ECLI:NL:CRVB:2016:1296
Centrale Raad van Beroep
- Hoger beroep
- Rechtspraak.nl
Hoger beroep inzake proceskostenvergoeding en berekening reiskosten op basis van ANWB-routeplanner
In deze zaak heeft de Centrale Raad van Beroep op 6 april 2016 uitspraak gedaan in hoger beroep tegen een eerdere uitspraak van de rechtbank Amsterdam. De appellant, woonachtig in Frankrijk, had hoger beroep ingesteld tegen de beslissing van de rechtbank over de proceskostenvergoeding in verband met een besluit van het Zorginstituut Nederland. De rechtbank had vastgesteld dat de appellant zijn beroep tegen het besluit van 29 oktober 2013 inzake de buitenlandbijdrage 2012 had ingetrokken, omdat het Zorginstituut hem bij een later besluit volledig tegemoet was gekomen. De rechtbank veroordeelde het Zorginstituut tot betaling van proceskosten, waaronder reiskosten en verletkosten, die in totaal € 1.592,46 bedroegen.

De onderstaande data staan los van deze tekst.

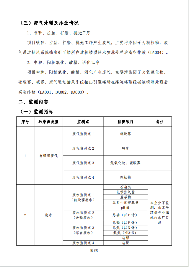 關于東莞市朗淞金屬表面處理有限公司自行監測
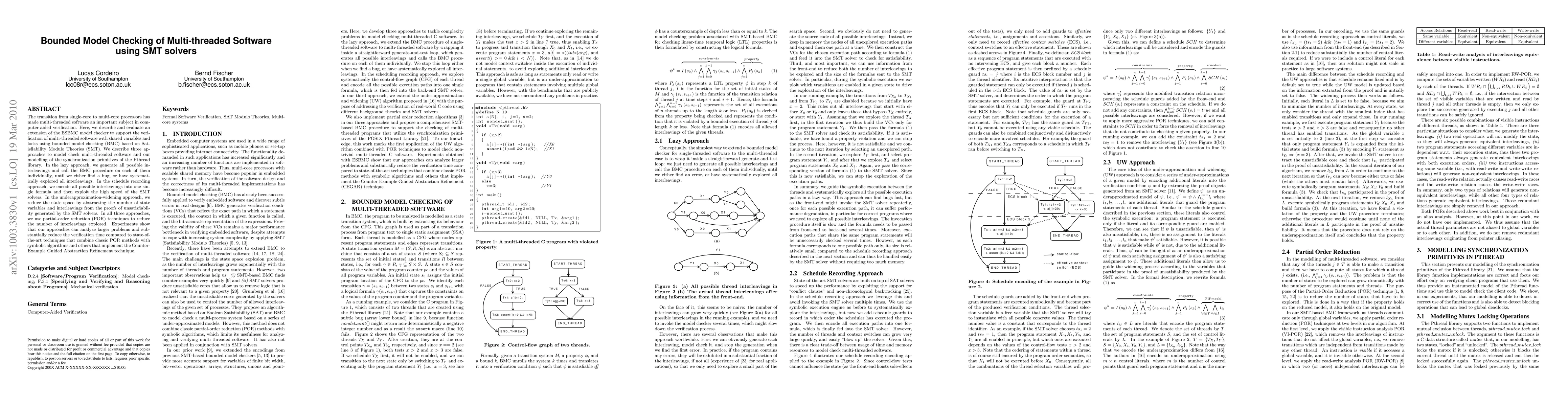 This paper extends ESBMC to verify multi-threaded software using bounded model checking and SMT solvers. It presents three methods: lazy interleaving generation, schedule recording, and underapproximation-widening, all employing partial-order reduction to reduce exploration. Experiments demonstrate improved analysis of larger problems and reduced verification time compared to existing techniques.
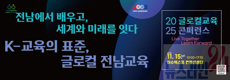 전라남도교육청(교육감 김대중)은 15일 여수 엑스포 컨벤션센터에서 ‘2025 글로컬교육 콘퍼런스’를 개최한다. 이번 행사는 ‘2024 대한민국 글로컬 미래교육 박람회’를 계승하며, 학교와 지역, 교육공동체가 함께 일군 공생의 가치를 나누는 ‘2025. 대한민국 글로컬 미래교육 작은박람회’의 첫 시작으로, 지역과 세계를 잇는 미래형 교육 모델을 모색하는 출발점이 될 전망이다.
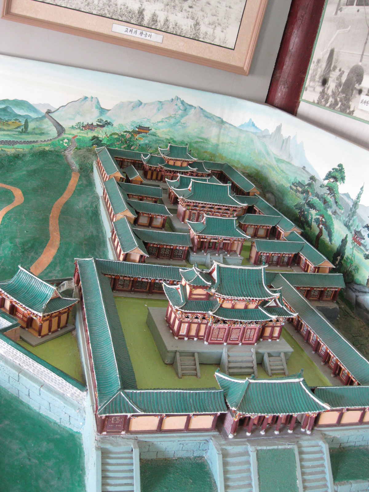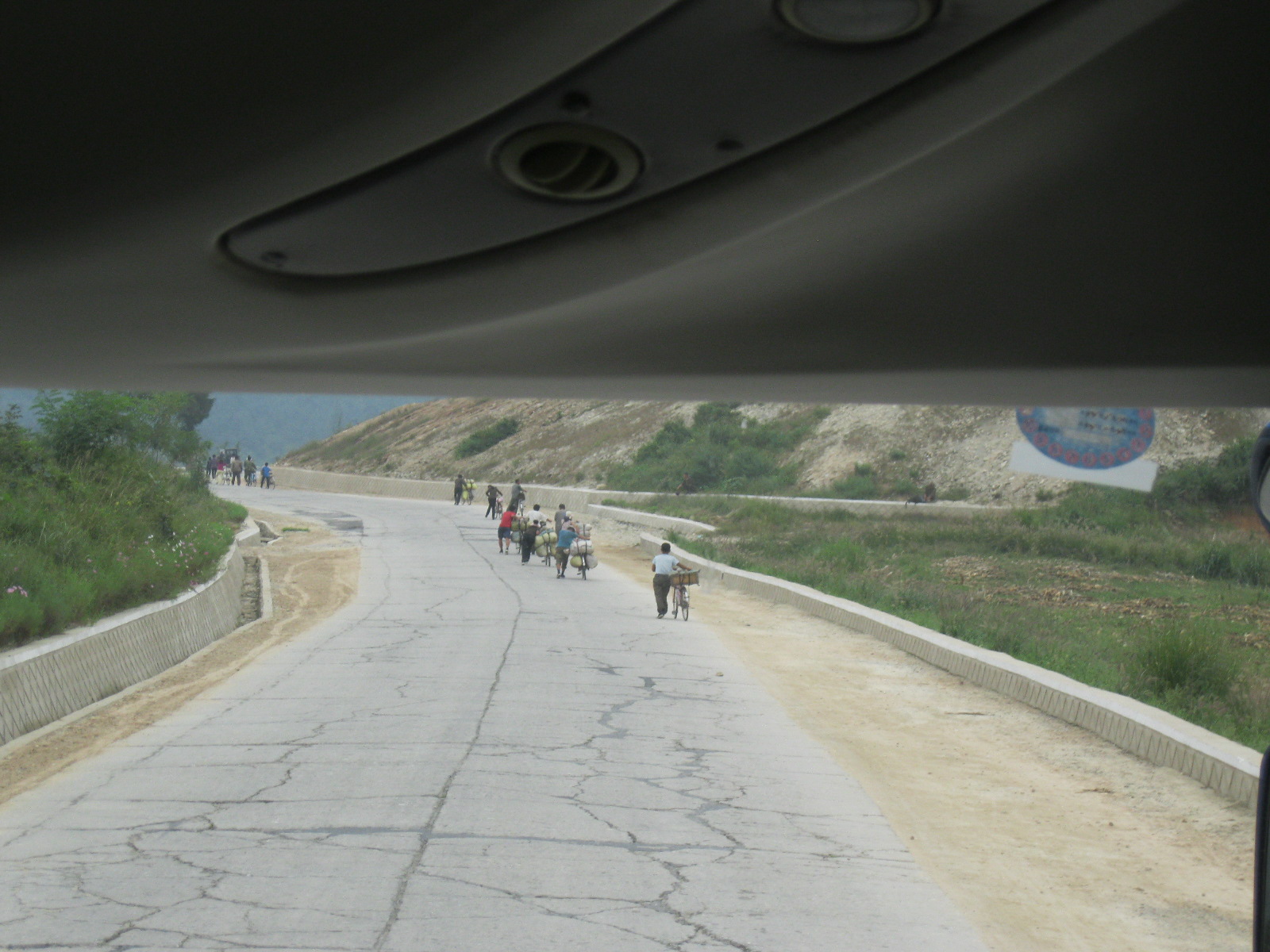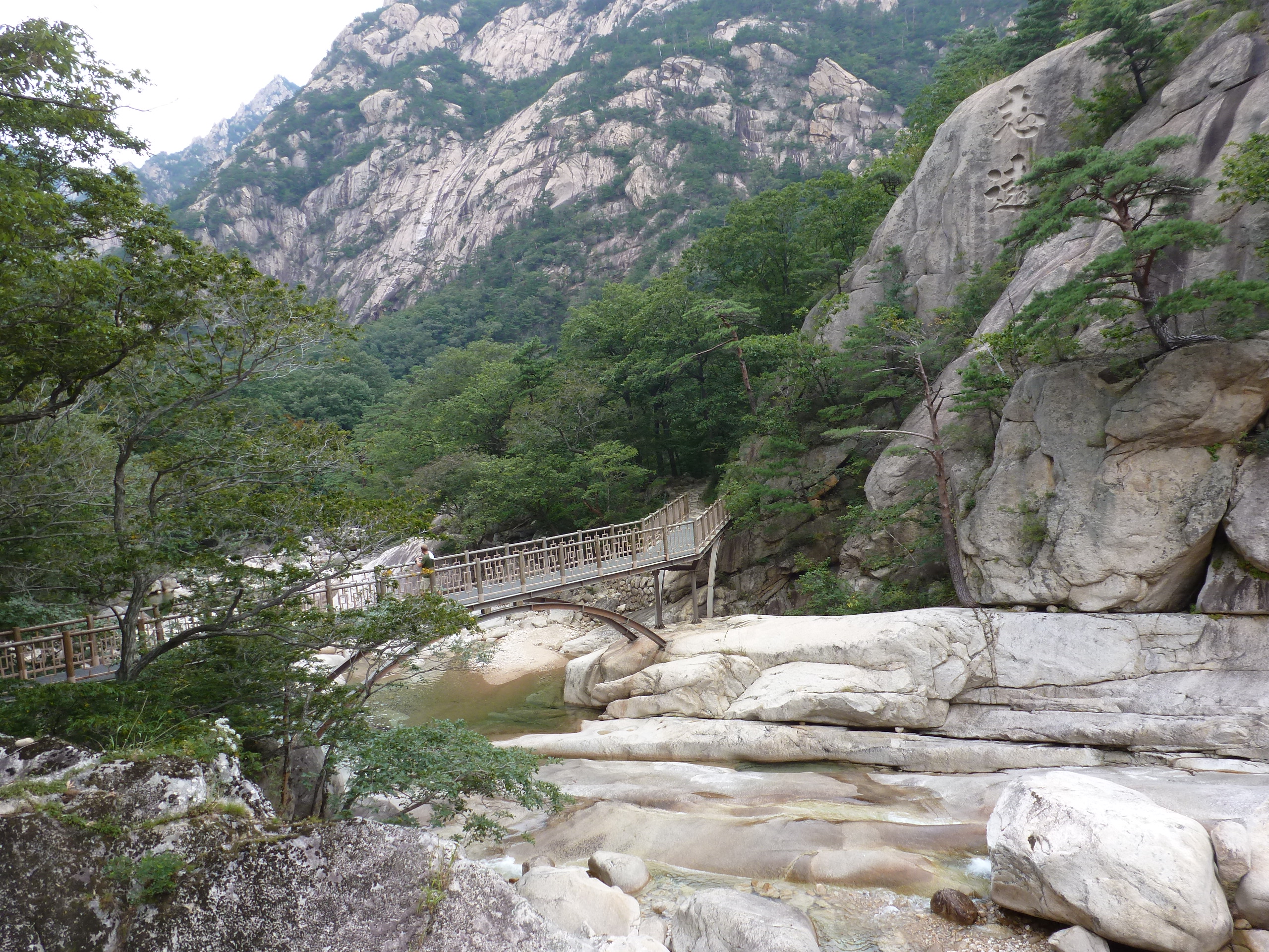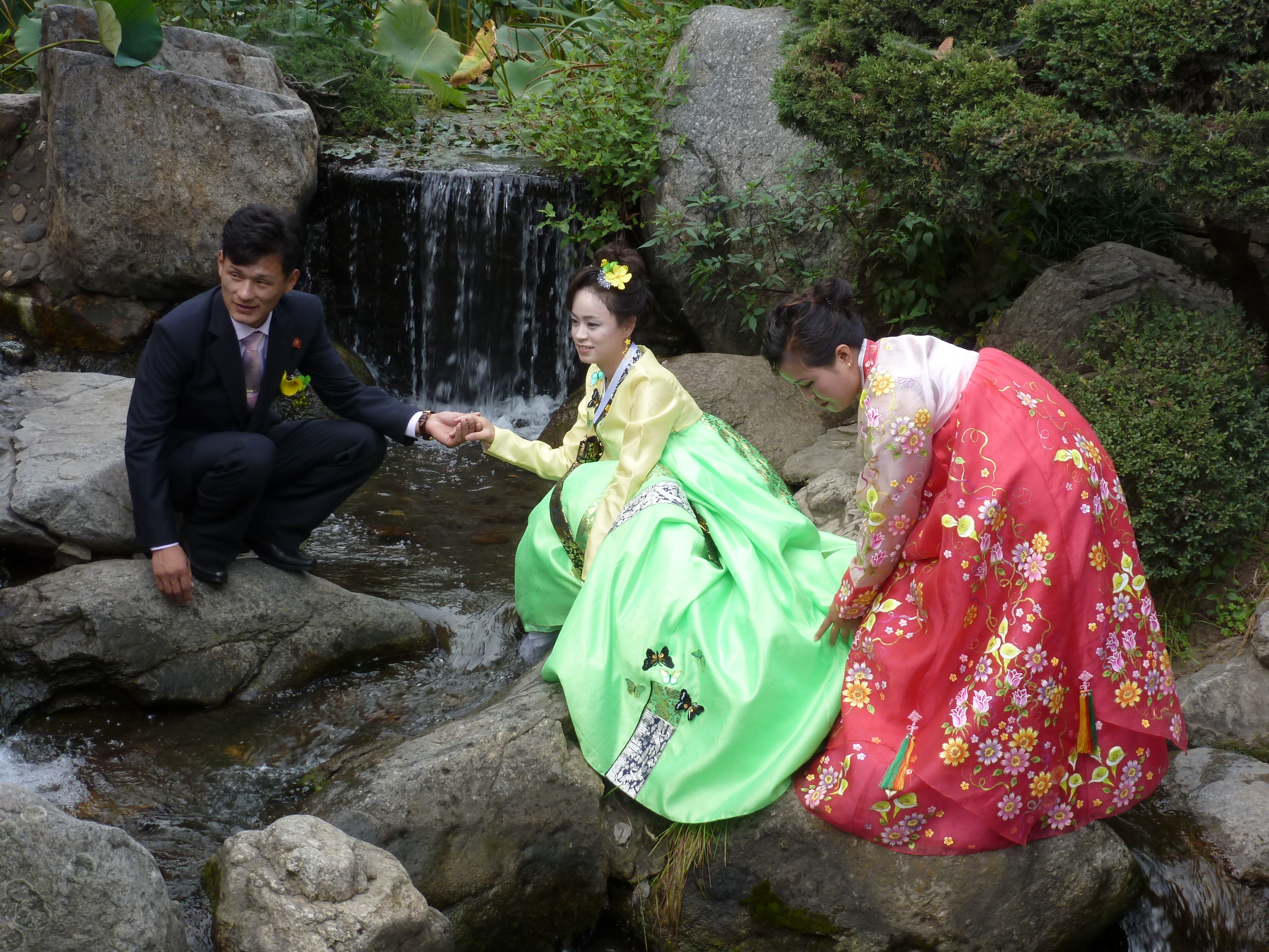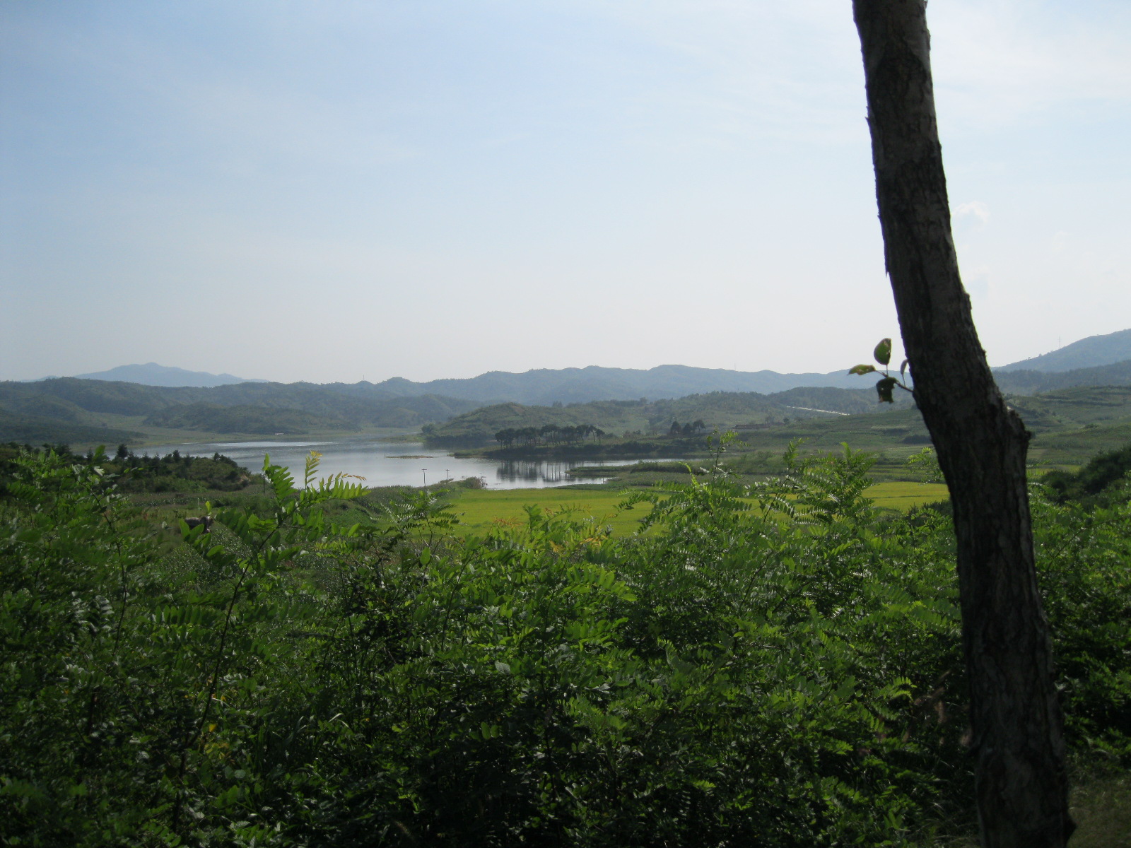 In Peking hebben we enkele uren tijd om ons voor te bereiden op de treinreis richting Noord-Korea. De trein vertrok rond 6u 's avonds. De volgende ochtend komen we aan in Dandong, een Chinese stad die grenst aan Noord-Korea.Het station van PekingDe slaapcabineHet restaurant op de trein. Een deel van het treinpersoneel was er al aan het eten. Ik besloot dan ook maar iets te eten. "Can I have a knife and fork?". "No sowwy". En de chinezen maar lachen.Op dag 3 arriveren we in Dandong, waar we een ontbijt krijgen. De rest van de treinreis wordt verdergezet op een andere trein richting de Noord-Koreaanse hoofdstad Pyongyang.Aankomst in DandongDandongIn de trein over de China-Noord-Korea Vriendschapsbrug. De Yalu rivier die we oversteken maakt een groot deel uit van de grens tussen China en Noord-Korea.Parallel loopt nog een brug, maar deze werd grotendeels vernield tijdens de Koreaanse oorlog.Links: Noord-Korea Rechts: ChinaAl snel verschijnen de portretten van de (overleden) grote leiders Kim Il Sung (links) en Kim Jong Il (rechts). Die zien we overal in Noord-Korea.Langs het platteland zien we vooral rijstvelden.Openbare werkenOnze Nederlandse reisbegeleider Jan is zeer fier op zijn Noord-Koreaanse badge. Deze badges worden door bijna alle Noord-Koreanen gedragen. Als buitenlander kan je deze badge enkel uitgereikt krijgen als je je loyaliteit bewezen hebt.In onze wagon zitten ook enkele Chinese toeristen. De meeste toeristen in Noord-Korea zijn Chinezen.Bij een tussenstop worden we gecontroleerd door Noord-Koreaanse militairen. Alle fototoestellen en telefoons worden geregistreerd, boeken en magazines worden nagekeken. Bagages worden slechts steekproefsgewijs doorgelicht. Onze paspoorten worden ook in beslag genomen. Die krijgen we pas terug op het einde van de reis.De rijstvelden zijn meestal in rechthoekige stukken ingedeeld, met bonenplanten om ze te scheiden.Tegen de avond rijden we Pyongyang binnen. Het volledige treintraject van Peking tot Pyongyang is 1371km lang en deden we ongeveer 24u over.Op dag 4 rijden we met de bus naar de industriestad Hamhung (함흥시). Hier bezoeken we oa. een fabriek van kunstmeststof.Het Yanggakdo International Hotel in Pyongyang waar we deze eerste nacht verbleven. Later keren we hier nog terug.Een tussenstop aan een meer langs het bergachtige landschap.Simon en ikDe bus waar we heel de reis mee rondtrokkenEen fotostop langs het bergachtige landschapDe gidsen vermelden dat zowat driekwart van het land bergen zijn. Omdat de Noord-Koreanen er naar streven om volledig zelfvoorzienend te zijn, wordt bijna alle vlakke grond gebruikt voor landbouw.Aan de linkerkant zie je onze Koreaanse gidsen. Meestal spreken Koreanen elkaar aan met hun volledige naam, maar gemakkelijkheidshalve mochten wij ze aanspreken als miss Kim (links) en miss Ha (rechts).Even dalen we af om een waterval te bezoeken. We picknicken hier in de buurt.De waterval zou in 2001 ontdekt zijn door Kim Jong Il, dankzij zijn fantastisch gehoor.BronwaterDit was een van de weinige maaltijden die ik volledig op kreeg. Op de bus krijgen we dan te horen dat de lunchschotels achtergelaten werden voor kinderen die de overschot zouden eten...De meeste wegen bestaan uit betonplaten.Een propagandabord langs de wegWe komen aan in Hamhung, de tweede grootste stad van Noord-Korea (~ 800.000 inwoners). We rijden hier voorbij een van de talrijke mozaïeken die we te zien zullen krijgen. Links: Kim Il Sung Midden: Kim Jong Il Rechts: Kim Jong Suk (de eerste vrouw van Kim Il Sung)Hamhung is nog maar enkele jaren "open" voor toeristen.Een fabriek van kunstmeststofBij elke bezienswaardigheid krijgen we te horen hoe vaak en wanneer juist de grote leiders die plaats bezocht hebben. Vaak zijn er mozaïeken die hun bezoek afbeelden.Binnen in de fabriekEr zijn maar weinig fabriekswerkers aanwezig, maar ze poseren wel graag voor een foto.'s avonds verblijven we in het Majon Tourist Resort aan de Oost-Koreaanse zee. Hier nemen we een frisse duik in het water.De huisjes waar we verblijven zijn vlak aan het strand.Onze zwembroeken buiten gehangen, maar echt droog werden ze niet door het vochtige klimaat.Het avondmaal. Zoals gewoonlijk werden er nog voortdurend bordjes bij gezet. Als je al vol zit krijg je dan nog een kom rijst en soep.'s middags en 's avonds was er als drank meestal plat water en bier, met de mogelijkheid om "juice" te drinken in plaats van bier. Dat was een soort appel/peren sap (niet op de foto).Onze kamerHier was geen stromend water, en diende het bad als waterreservoir. Wassen moest "op z'n Bangladesh" door een teiltje water over je gieten. In de rode emmer kon water elektrisch verwarmd worden.Op dag 5 bezoeken we nog enkele plaatsen in Hamhung, en vertrekken dan richting Mt. Kumgang. Onderweg bezoeken we oa. nog de kuststad Wonsan.Het huis van de voormalige koning Taejo van Joseon in Hamhung. Hij richtte de Koreaanse Joseondynastie op in 1392, die eindigde in 1897.Een zeer oude boomBuiten het huis stond een groep Koreaanse studenten te wachten.Een aangelegde (niet natuurlijke) heuvel met grote bronzen beelden van de leidersDe lokale gids die ons een woordje uitleg gaf. De plaatselijke gidsen spraken meestal Koreaans, dat dan naar Engels vertaald werd door onze gids miss Kim.Hamhung Grand TheatreWonsanDit verkeersbord leek met de hand geschilderd te zijn.Bezoek aan een de Chonsam coöperatieve boerderijEen persimmon boomOok de grote leiders zijn hier geweest.In het winkeltje van de boerderij kochten we enkele gedroogde persimmons.Naast de boerderij was er een kleuterschool. De kinderen zongen een liedje en wuifden ons dan uit.Iets verderop bezoeken we nog het huis van de boerin die ons begeleidde.Dit huis heeft een soort vloerverwarming die hier vaak toegepast zou worden. Op internet vond ik dit systeem terug als "Ondol".Wat voor een decoder is dat onder de TV? Telenet of Belgacom?Ten slotte bezochten we nog een boeddhistische tempel...Maar bij de tempel zelf mochten we niet komen, omdat er constructi

De appellant was het niet eens met de hoogte van de toegewezen proceskostenvergoeding en stelde dat de rechtbank de reiskosten had berekend op basis van een afstand van 983 kilometer, terwijl hij recht had op vergoeding op basis van 1.009 kilometer, inclusief overnachtingen. Daarnaast betoogde hij dat de rechtbank een te laag uurtarief had gehanteerd voor de verletkosten. Het Zorginstituut verdedigde de eerdere uitspraak en stelde dat de berekeningen van de rechtbank correct waren.
De Centrale Raad van Beroep oordeelde dat de rechtbank de reiskosten correct had berekend op basis van de ANWB-routeplanner en dat de verletkosten niet verder konden worden gespecificeerd door de appellant. De Raad bevestigde de eerdere uitspraak van de rechtbank en oordeelde dat er geen aanleiding was voor een veroordeling in de proceskosten. De uitspraak werd openbaar uitgesproken op 6 april 2016.